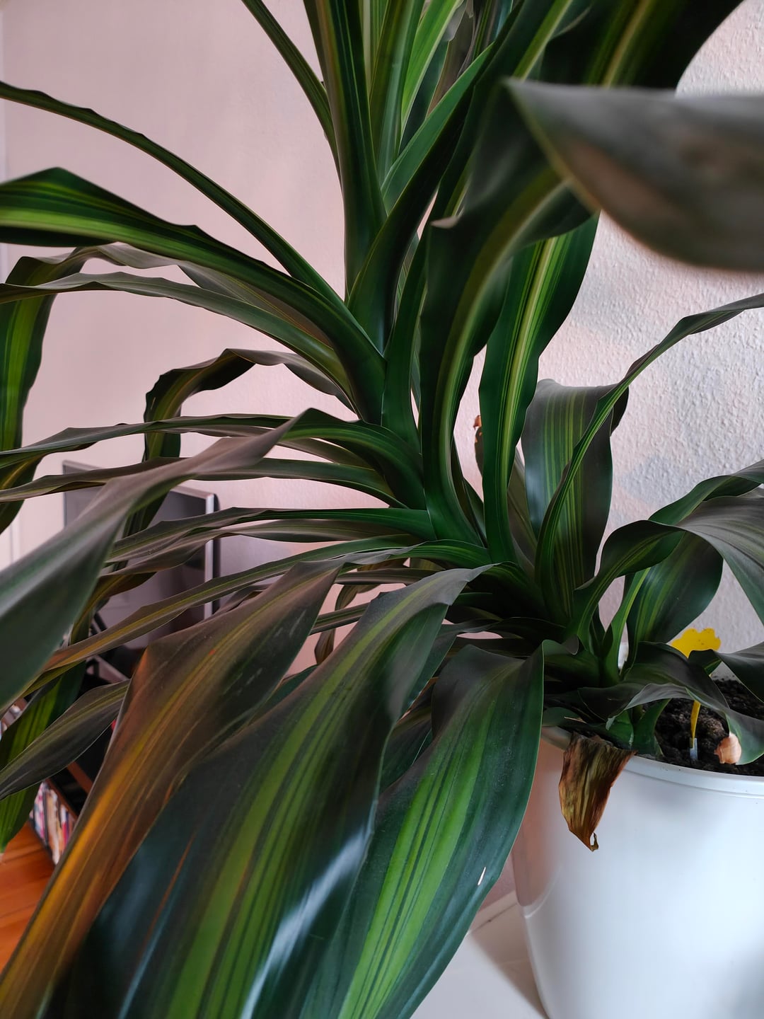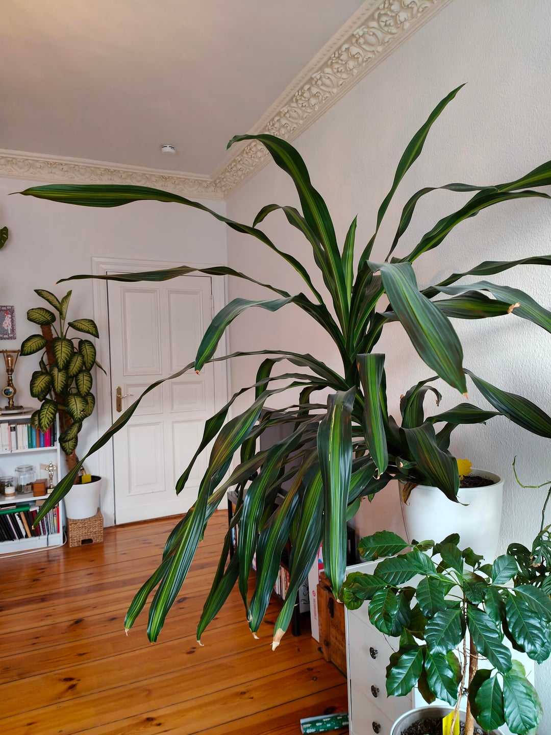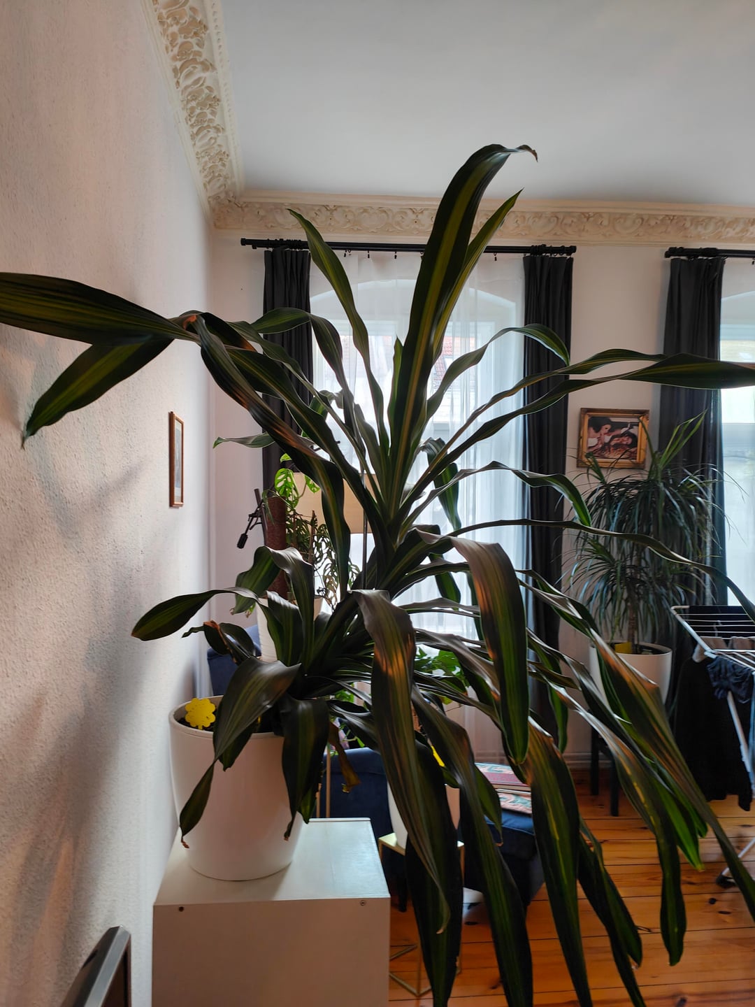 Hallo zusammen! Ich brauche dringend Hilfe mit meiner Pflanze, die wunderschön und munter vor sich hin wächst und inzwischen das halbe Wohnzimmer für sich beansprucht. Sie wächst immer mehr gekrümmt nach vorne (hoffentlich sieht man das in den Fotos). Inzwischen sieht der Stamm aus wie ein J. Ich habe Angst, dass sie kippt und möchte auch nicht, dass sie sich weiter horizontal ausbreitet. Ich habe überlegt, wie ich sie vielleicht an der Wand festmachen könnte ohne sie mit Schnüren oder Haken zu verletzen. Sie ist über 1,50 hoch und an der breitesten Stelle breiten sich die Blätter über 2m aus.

---+---

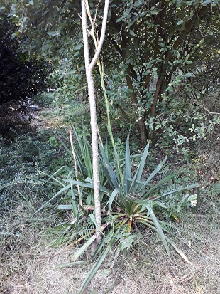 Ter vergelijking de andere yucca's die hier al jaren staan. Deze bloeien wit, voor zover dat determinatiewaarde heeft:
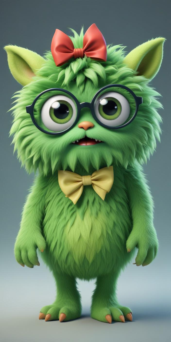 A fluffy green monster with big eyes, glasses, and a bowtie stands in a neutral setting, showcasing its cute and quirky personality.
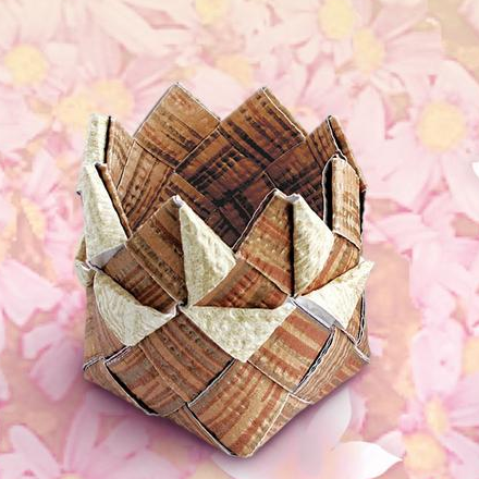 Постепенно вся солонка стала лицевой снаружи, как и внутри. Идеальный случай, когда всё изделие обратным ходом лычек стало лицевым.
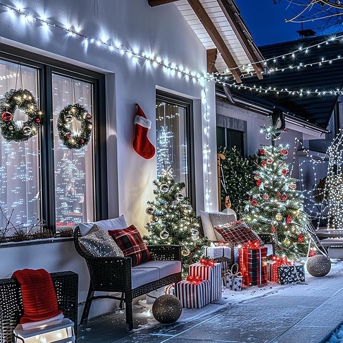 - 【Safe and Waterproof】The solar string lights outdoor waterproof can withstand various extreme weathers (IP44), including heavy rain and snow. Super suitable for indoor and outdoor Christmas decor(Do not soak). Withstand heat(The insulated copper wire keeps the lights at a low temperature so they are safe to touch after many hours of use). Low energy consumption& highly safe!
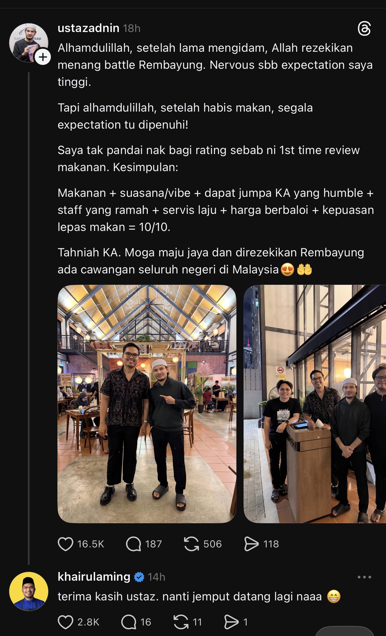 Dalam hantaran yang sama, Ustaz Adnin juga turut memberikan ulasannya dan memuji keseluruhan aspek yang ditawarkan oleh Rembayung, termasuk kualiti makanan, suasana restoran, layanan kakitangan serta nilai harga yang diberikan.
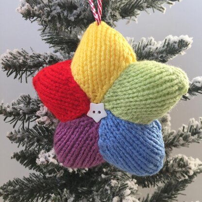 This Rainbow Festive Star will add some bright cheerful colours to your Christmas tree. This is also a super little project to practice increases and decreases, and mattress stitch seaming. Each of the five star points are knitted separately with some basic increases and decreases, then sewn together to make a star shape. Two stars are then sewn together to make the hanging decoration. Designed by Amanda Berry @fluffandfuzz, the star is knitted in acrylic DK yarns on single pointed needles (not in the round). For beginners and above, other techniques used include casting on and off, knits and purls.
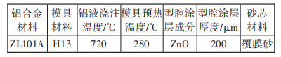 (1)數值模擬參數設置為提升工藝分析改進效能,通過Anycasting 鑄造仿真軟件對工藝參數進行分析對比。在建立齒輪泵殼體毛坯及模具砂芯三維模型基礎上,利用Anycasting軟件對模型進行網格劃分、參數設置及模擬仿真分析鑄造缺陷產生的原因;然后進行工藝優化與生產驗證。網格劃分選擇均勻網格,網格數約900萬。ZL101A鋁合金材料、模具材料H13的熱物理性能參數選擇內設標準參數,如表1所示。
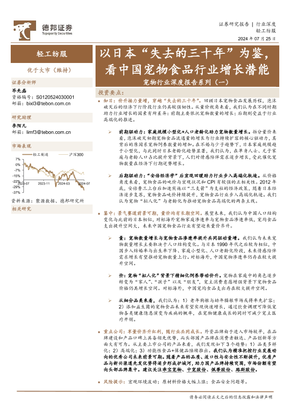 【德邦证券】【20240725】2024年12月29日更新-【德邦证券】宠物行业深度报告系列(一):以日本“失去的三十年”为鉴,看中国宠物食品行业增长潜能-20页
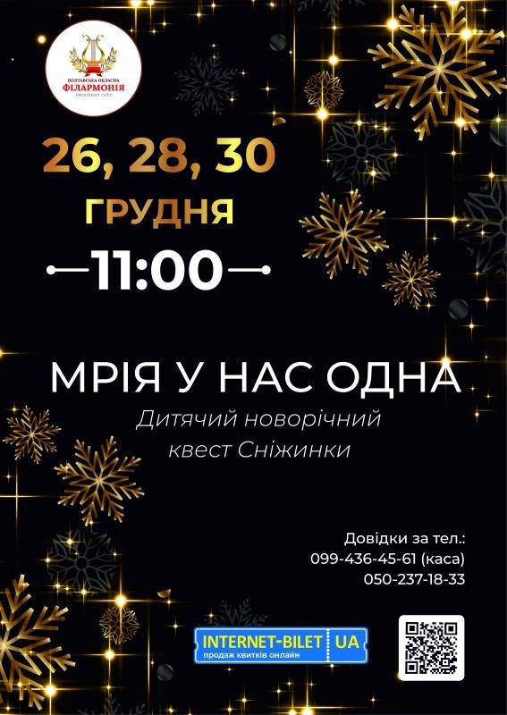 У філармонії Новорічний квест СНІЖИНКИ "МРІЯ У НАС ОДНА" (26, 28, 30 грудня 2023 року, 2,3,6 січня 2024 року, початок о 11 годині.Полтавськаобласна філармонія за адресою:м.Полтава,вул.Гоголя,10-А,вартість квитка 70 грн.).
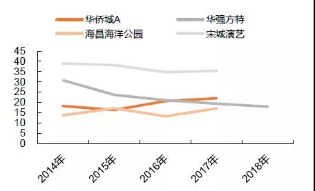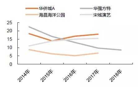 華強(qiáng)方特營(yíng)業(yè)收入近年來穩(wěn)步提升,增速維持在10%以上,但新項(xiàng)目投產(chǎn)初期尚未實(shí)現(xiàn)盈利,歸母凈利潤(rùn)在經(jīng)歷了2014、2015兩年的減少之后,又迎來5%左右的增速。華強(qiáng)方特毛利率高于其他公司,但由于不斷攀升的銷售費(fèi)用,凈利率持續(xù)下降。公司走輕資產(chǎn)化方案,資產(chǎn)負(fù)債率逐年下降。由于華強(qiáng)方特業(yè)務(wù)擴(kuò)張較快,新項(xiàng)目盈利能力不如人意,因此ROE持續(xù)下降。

---+---

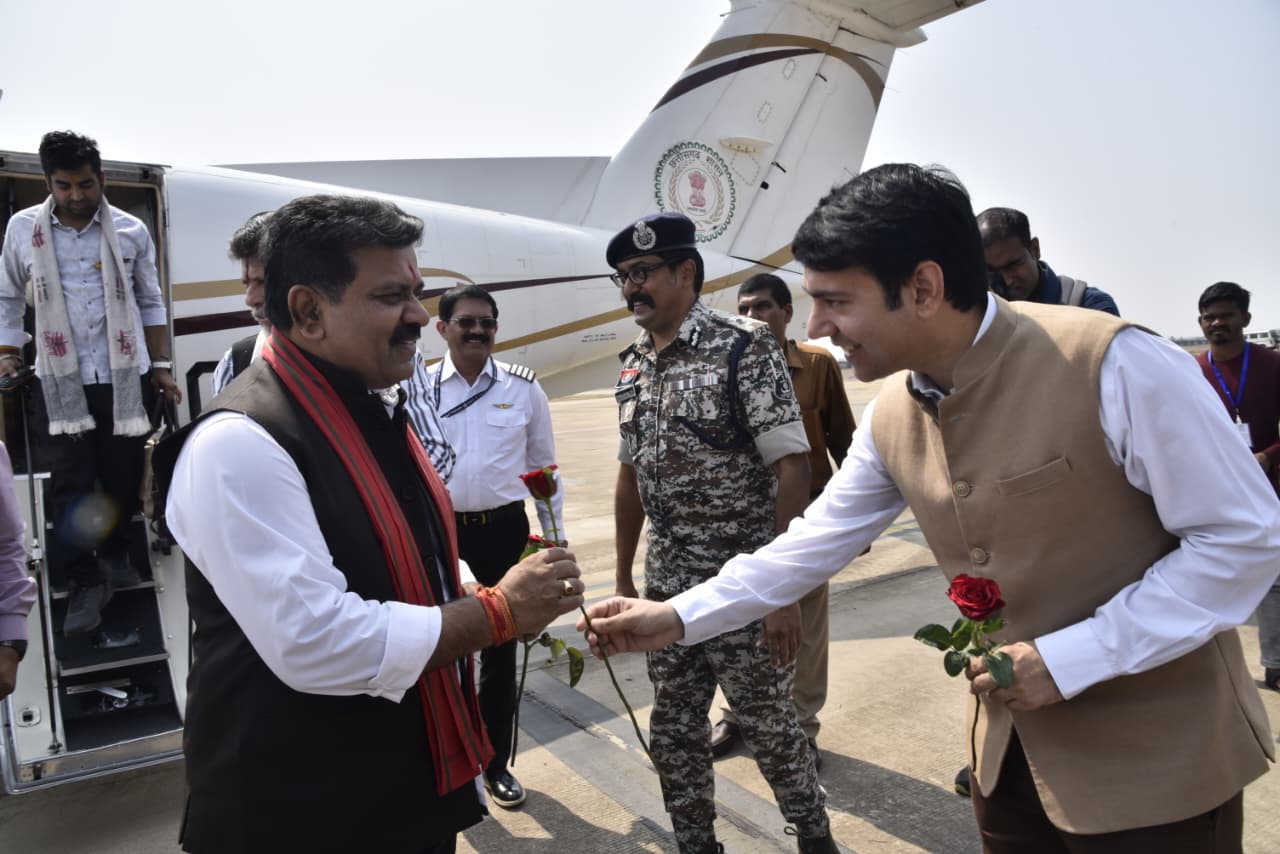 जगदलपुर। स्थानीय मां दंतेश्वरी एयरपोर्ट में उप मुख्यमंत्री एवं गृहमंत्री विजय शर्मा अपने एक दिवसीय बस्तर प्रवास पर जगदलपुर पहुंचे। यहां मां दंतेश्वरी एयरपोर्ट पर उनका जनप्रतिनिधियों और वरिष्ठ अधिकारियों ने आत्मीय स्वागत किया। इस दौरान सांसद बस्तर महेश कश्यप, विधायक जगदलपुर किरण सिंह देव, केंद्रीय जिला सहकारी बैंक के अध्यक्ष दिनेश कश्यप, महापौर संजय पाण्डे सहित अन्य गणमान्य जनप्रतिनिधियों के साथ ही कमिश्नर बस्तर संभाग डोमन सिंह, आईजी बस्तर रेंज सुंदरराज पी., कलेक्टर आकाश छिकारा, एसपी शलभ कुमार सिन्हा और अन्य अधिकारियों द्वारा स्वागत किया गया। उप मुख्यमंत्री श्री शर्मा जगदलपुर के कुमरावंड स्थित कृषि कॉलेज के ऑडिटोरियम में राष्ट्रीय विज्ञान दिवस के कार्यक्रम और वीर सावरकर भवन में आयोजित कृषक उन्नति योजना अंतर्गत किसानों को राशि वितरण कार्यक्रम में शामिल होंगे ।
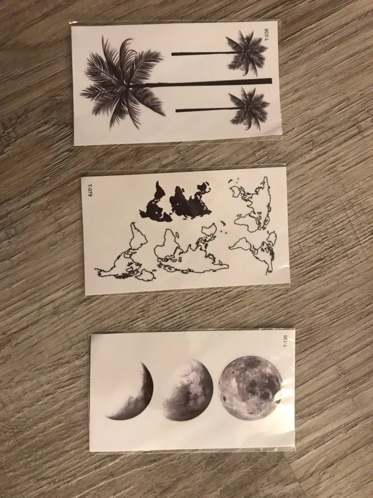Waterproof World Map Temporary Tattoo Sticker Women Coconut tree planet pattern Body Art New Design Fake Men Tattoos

---+---

About this exercise
Every line above in the stretch from the one with "A fluffy green" through the one with "This Rainbow Festive" is to be transcribed exactly, ends included. No picture is copied.

Response to the task
 A fluffy green monster with big eyes, glasses, and a bowtie stands in a neutral setting, showcasing its cute and quirky personality.
 Постепенно вся солонка стала лицевой снаружи, как и внутри. Идеальный случай, когда всё изделие обратным ходом лычек стало лицевым.
 - 【Safe and Waterproof】The solar string lights outdoor waterproof can withstand various extreme weathers (IP44), including heavy rain and snow. Super suitable for indoor and outdoor Christmas decor(Do not soak). Withstand heat(The insulated copper wire keeps the lights at a low temperature so they are safe to touch after many hours of use). Low energy consumption& highly safe!
 Dalam hantaran yang sama, Ustaz Adnin juga turut memberikan ulasannya dan memuji keseluruhan aspek yang ditawarkan oleh Rembayung, termasuk kualiti makanan, suasana restoran, layanan kakitangan serta nilai harga yang diberikan.
 This Rainbow Festive Star will add some bright cheerful colours to your Christmas tree. This is also a super little project to practice increases and decreases, and mattress stitch seaming. Each of the five star points are knitted separately with some basic increases and decreases, then sewn together to make a star shape. Two stars are then sewn together to make the hanging decoration. Designed by Amanda Berry @fluffandfuzz, the star is knitted in acrylic DK yarns on single pointed needles (not in the round). For beginners and above, other techniques used include casting on and off, knits and purls.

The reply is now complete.